8/10
Maria Schneider does well to keep up in English, French and broken English
8 February 2019
The film stunned me when I saw it in the cinema some 45 years ago and I'm not sure I have braved it since unless I watched some murky video. So much has happened in cinema since that first viewing that it is no longer quite so shocking but still packs a punch. Beautifully shot, there are lovely shots of Paris and the light upon the walls of the apartment but there is ugliness too and there is never a moment one can relax confident that all will be well. Brando is brilliant, if slightly awkward and Maria Schneider does well to keep up in English, French and broken English.

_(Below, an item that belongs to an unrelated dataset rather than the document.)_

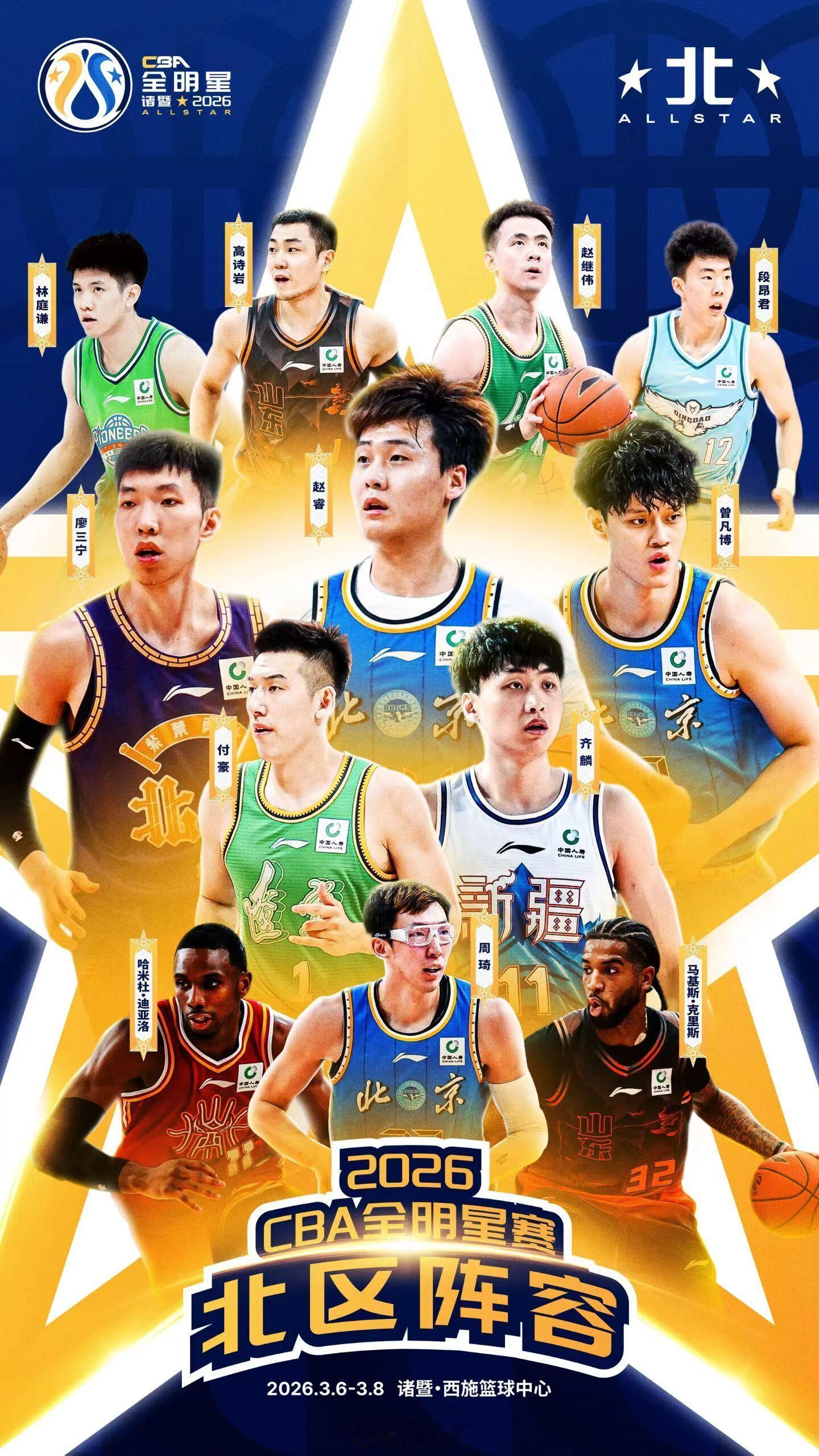 北区明星队阵容:首发球员: 曾凡博(北京),齐麟(新疆),付豪(辽宁),赵睿(北京),廖三宁(北控)替补球员:周琦(北京),段昂君(青岛),高诗岩、克里斯(山东),迪亚洛(山西),林庭谦(天津),赵继伟(辽宁)。

As the two mismatched individuals merge together into some sort of passionate but loveless relationship we learn something of the background. Essentially, Brando is bereft following the suicide of his wife, right at the start and Schneider has a much more conventional, if barely believable one with an aspiring film maker. He is played by Jean-Pierre Leaud, he star of many New Wave films, particularly for Godard and Truffault and it would seem that Bertolucci is having a little fun here pitting the pretty boy of trendy 60s cinema against the old brawler Brando (I understand though that Leaud was so intimidated by the American giant that he could not work alongside him). I noticed this time that the soundtrack I have always loved seems to begin and finish rather abruptly at certain points of the film and it seems I may have found the reason. Apparently there is, or was, a four hour rough cut of the film and that it was this that Gato Barbieri studied in order to decide where the film required music. Seems reasonable, therefore, to suppose that when the film was cut by almost a half, the music may no longer slip so unobtrusively in and out.